Maintenance and differentiation of EJ cells

During both maintenance and differentiation, EJ cells were cultured in Iscove’s modified Dulbecco’s medium (IMDM; Biochrom) supplemented with 4 mM L-glutamine (Sigma-Aldrich), 330 μg/mL iron-saturated human holo-transferrin (BBI solutions), 10 μg/mL recombinant human insulin (Sigma-Aldrich), 2 IU/mL heparin sodium salt (Affymetrix), and 0.5% Pen/Strep (Life Technologies).

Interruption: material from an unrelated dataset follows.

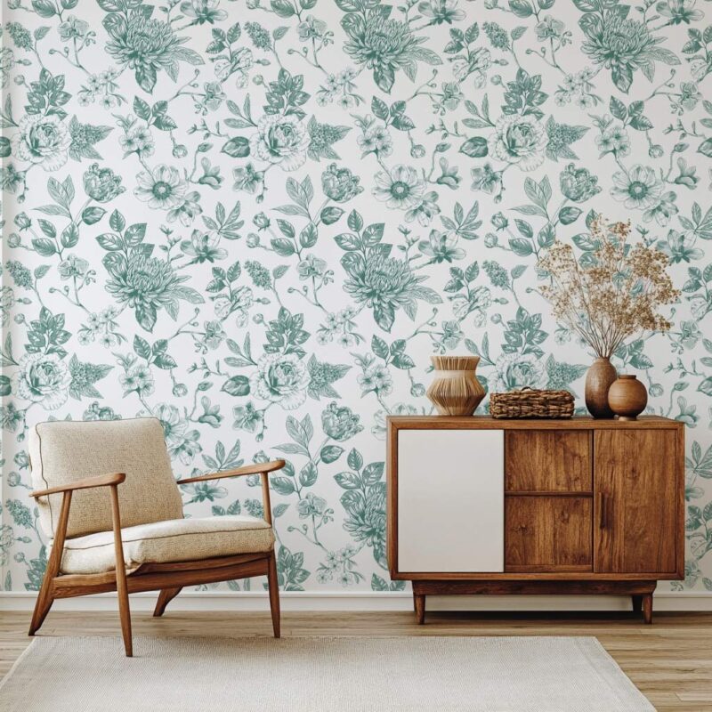 Ideal for an adult bedroom, an elegant living room, a cozy library, or even an inspiring office, this floral wallpaper offers a true invitation to contemplation. Its detailed and subtle pattern adorns your walls with delicacy, bringing a chic and soothing touch to your decor.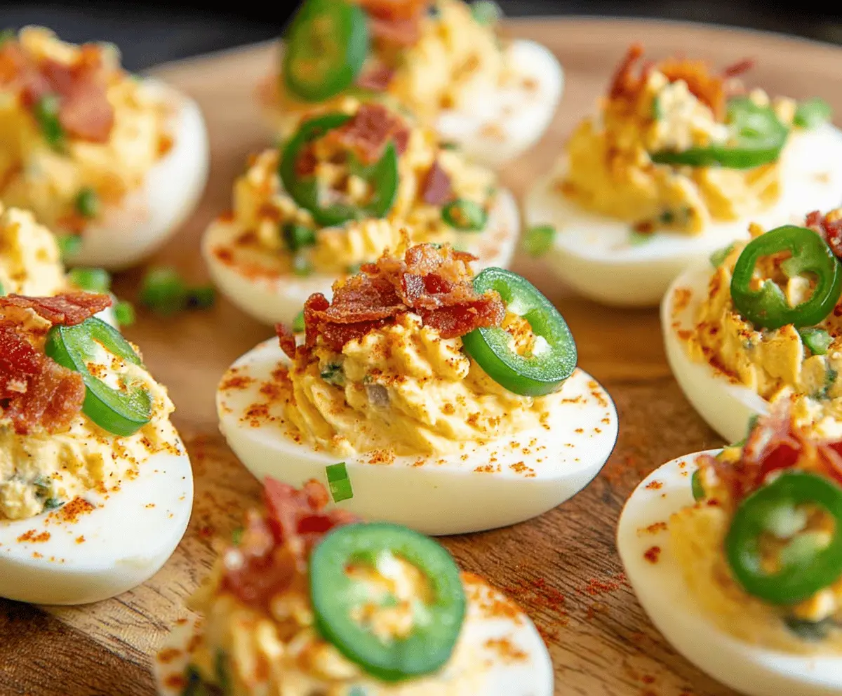 These Jalapeño Popper Deviled Eggs are a fun twist on a classic! They’re creamy and a little spicy, packed with jalapeños, cream cheese, and crispy bacon bits.

Hereafter, we refer to this primary media as “pIMDM.” Maintenance media was comprised of pIMDM supplemented with 5% solvent/detergent virus-inactivated plasma (octaplasma; Octapharma), 3 IU/mL erythropoietin (EPO; Roche), 50 ng/mL stem cell factor (SCF; R&D systems), 1 μg/mL doxycycline (Sigma-Aldrich), and 1 μM dexamethasone (Sigma-Aldrich). We maintained EJ cells at a concentration of 5×104-7.5×105 cells/mL, changing media every 3–4 days. Every 2–3 weeks, or if cell concentration eclipsed 1×106 cells/mL, the culture was enriched for basophilic erythroblasts via a 40% (vol/vol) Percoll-PBS density gradient. To do so, cells were resuspended in 4 mL of pIMDM media supplemented with 0.1% bovine serum albumin (BSA), layered on 4 mL of 40% Percoll-PBS, and centrifuged at 1000 x g for 10 minutes with low acceleration/deceleration. Upon completion, we harvested and washed the interface three times in pIMDM before resuspending in culture media.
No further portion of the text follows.